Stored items
----

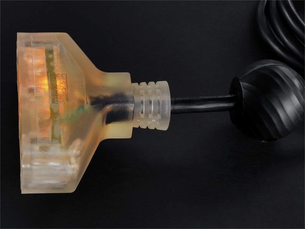 The lighted triple tap outlet show the power status for added convenience and safety.
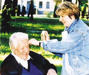 1996年自感“有點(diǎn)肥”的塔季揚(yáng)娜和父親葉利欽在一起。
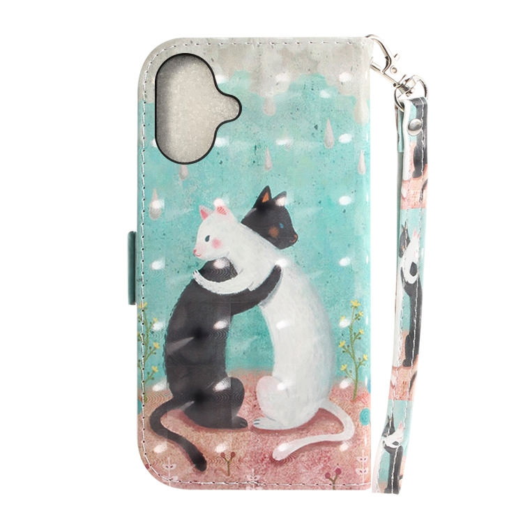 Funda para Teléfono iPhone 16 Cuero con Tapa Horizontal 3D (Gato Blanco y Negro)
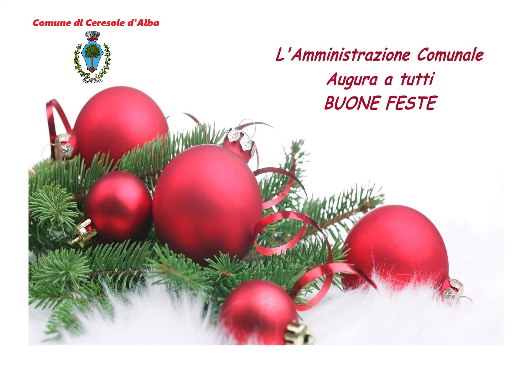 Il Sindaco, l’Amministrazione Comunale e i Dipendenti del comune di Ceresole d'Alba augurano a tutti i Ceresolesi un sereno Natale ed un felice anno nuovo.
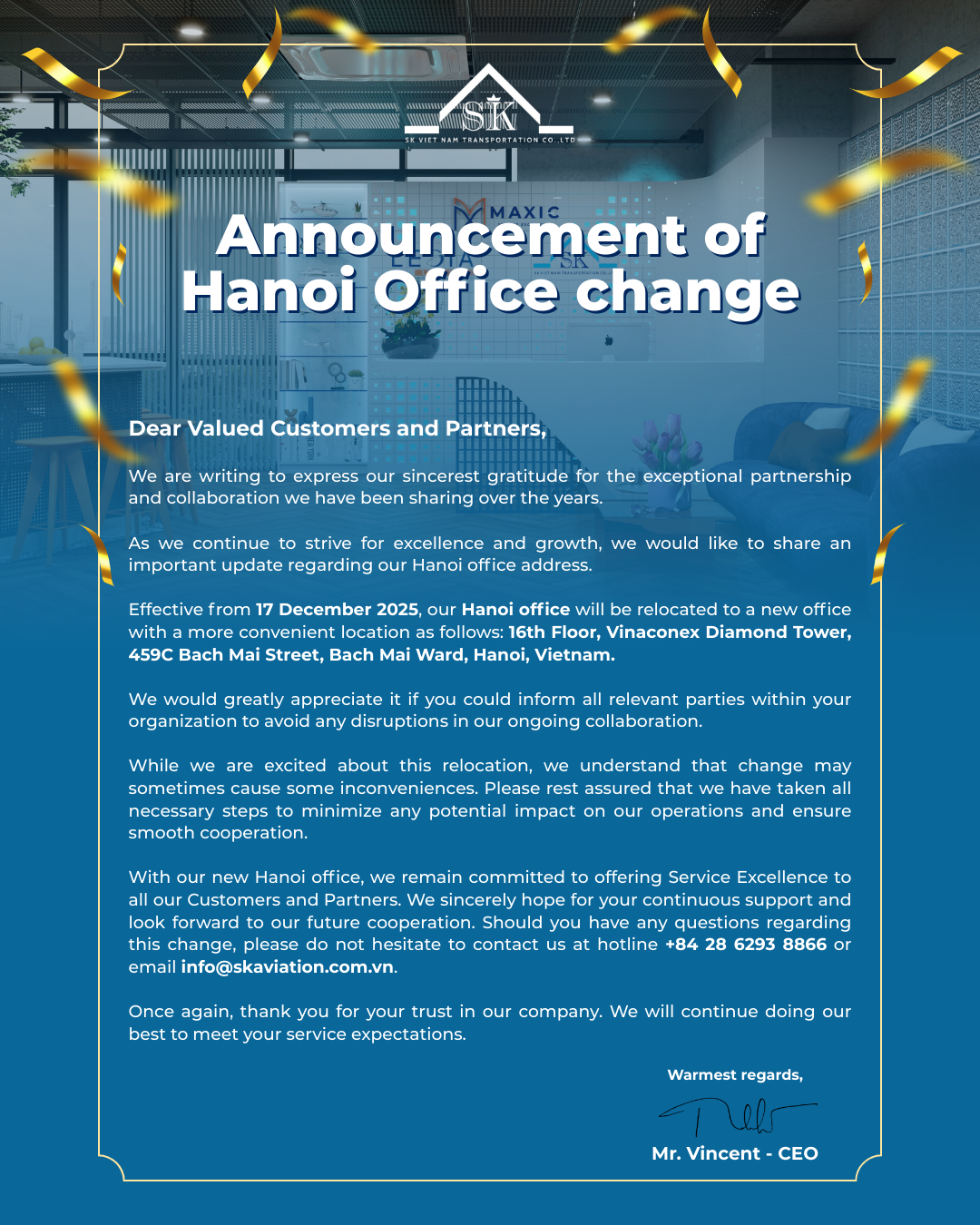 Việc thay đổi địa điểm đã được SK Aviation chuẩn bị kỹ lưỡng nhằm đảm bảo mọi hoạt động diễn ra liên tục, ổn định và không ảnh hưởng đến chất lượng dịch vụ dành cho Quý Khách hàng và Quý Đối tác.
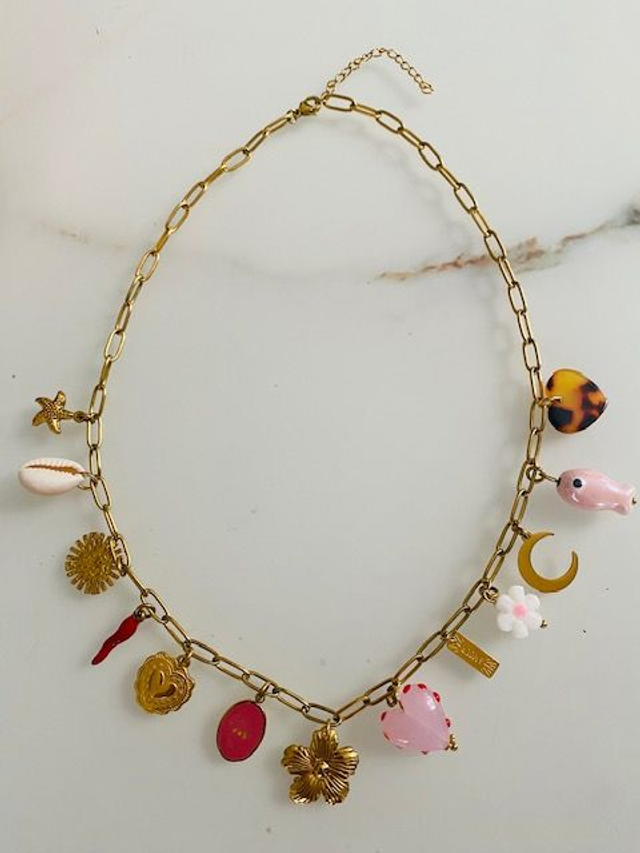 - un collier avec une chaîne dorée et 13 grigris pour vous porter chance en acier inoxydable, coquillage naturel, résine époxy, verre, nacre, céramique et acétate.

----

### [EXERCISE OBJECTIVE]
Print only the lines running from the one containing "Việc thay đổi" to the end of the data above, exactly; include no pictures.

### [YOUR SOLUTION]
 Việc thay đổi địa điểm đã được SK Aviation chuẩn bị kỹ lưỡng nhằm đảm bảo mọi hoạt động diễn ra liên tục, ổn định và không ảnh hưởng đến chất lượng dịch vụ dành cho Quý Khách hàng và Quý Đối tác.
 - un collier avec une chaîne dorée et 13 grigris pour vous porter chance en acier inoxydable, coquillage naturel, résine époxy, verre, nacre, céramique et acétate.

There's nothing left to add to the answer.